The solvers are designed around an encapsulated similarity model that we can easily change to give them a different view of words and how they relate. To date, we’ve used the same model as live Semantle, which is word2vec. But as this might be considered cheating, we can now also use a model based on the Universal Sentence Encoder (USE), to explore how the solvers perform with separated semantics.
The key elements of the solver ecosystem are now:
- SimilarityModel – choice of word2vec or USE as above,
- Solver methods (common to both gradient and cohort variants):
- make_guess() – return a guess that is based on the solver’s current state, but don’t change the solver’s state,
- merge_guess(guess, score) – update the solver’s state with information about a guess and a score,
- Scoring of guesses by either the simulator or a Semantle game, where a game could also include guesses from other players.
It’s a simplified reinforcement learning setup. Different combination these elements allow us to explore different scenarios.
I’m not advocating for using these in a game of course, but it’s interesting to consider how the solvers would play along with people in hypothetical scenarios :). The base scenario friends is the actual history of a game played with people, completed in 109 guesses.
The first scenario is showing how to complete a puzzle from an initial sequence of guesses from friends. Both solvers in this configuration generally easily better the friends result when primed with the first 10 friend guesses.
The second scenario is making a suggestion for the next guess only, but based on the game history up to that point. Both solvers may permit a finish in slightly fewer guesses. The conclusion is that these solvers are good for hints, especially if they are followed!
Maybe these solvers using word2vec similarity do have an unfair advantage though – how do they perform with a different similarity model? Using USE instead, I expected the cohort solver to be more robust than the gradient solver…
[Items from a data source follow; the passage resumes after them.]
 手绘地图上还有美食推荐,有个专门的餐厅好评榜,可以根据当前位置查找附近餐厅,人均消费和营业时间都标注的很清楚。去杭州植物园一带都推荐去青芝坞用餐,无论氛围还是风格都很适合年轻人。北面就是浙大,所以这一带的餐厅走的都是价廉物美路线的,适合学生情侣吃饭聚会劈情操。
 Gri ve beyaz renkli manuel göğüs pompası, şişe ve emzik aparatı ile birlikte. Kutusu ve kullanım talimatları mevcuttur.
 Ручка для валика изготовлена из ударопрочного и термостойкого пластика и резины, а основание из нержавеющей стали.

… but it seems that the gradient descent solver is more robust to a disparate similarity model, as one example of the completion scenario shows.
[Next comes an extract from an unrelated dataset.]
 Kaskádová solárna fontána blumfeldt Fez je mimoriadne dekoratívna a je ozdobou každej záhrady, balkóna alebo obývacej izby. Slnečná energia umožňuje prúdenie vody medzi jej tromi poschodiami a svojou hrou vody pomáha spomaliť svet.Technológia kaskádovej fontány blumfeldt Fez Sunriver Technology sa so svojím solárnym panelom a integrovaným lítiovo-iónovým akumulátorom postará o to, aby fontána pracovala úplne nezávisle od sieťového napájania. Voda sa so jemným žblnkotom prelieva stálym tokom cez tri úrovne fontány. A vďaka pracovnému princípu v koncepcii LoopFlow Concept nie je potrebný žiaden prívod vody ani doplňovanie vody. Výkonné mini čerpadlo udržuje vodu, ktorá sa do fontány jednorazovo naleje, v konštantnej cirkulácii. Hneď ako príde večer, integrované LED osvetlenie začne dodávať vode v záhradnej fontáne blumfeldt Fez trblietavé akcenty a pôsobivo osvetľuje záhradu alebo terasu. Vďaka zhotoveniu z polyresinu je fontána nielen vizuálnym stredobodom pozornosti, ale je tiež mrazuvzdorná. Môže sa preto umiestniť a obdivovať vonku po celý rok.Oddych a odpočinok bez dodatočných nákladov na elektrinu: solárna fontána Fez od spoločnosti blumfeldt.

The gradient solver also generally offers some benefit making a suggestion for just the next guess, but the cohort solver’s contribution is marginal at best.
These are of course only single instances of each scenario, and there is significant variation between runs. It’s been interesting to see this play out interactively, but a more comprehensive performance characterisation – with plenty of scope for understanding the influence of hyperparameters – may be in order.
The solvers can also play part or whole games solo (or with other players) in a live environment, using Selenium WebDriver to submit guesses and collect scores. The leading animation above is gradient-USE and a below is a faster game using cohort-word2vec.
Seeing in space
Through all this I’ve considered various 3D visualisations of search through a semantic space with hundreds of dimensions. I’ve settled on the version below, illustrating a search for target “habitat” from first guess “megawatt”.
This visualisation format uses cylindrical coordinates, broken out in the figure below. The cylinder (x) axis is the projection of each guess to the line that connects the first guess to the target word. The cylindrical radius is the distance of each guess in embedding space from its projection on this line (cosine similarity seemed smoother than Euclidian distance here). The angle of rotation in cylindrical coordinates (theta) is the cumulative angle between the directions connecting guess
n+1. The result is an irregular helix expanding then contracting, all while twisting around the axis from first to lass guess.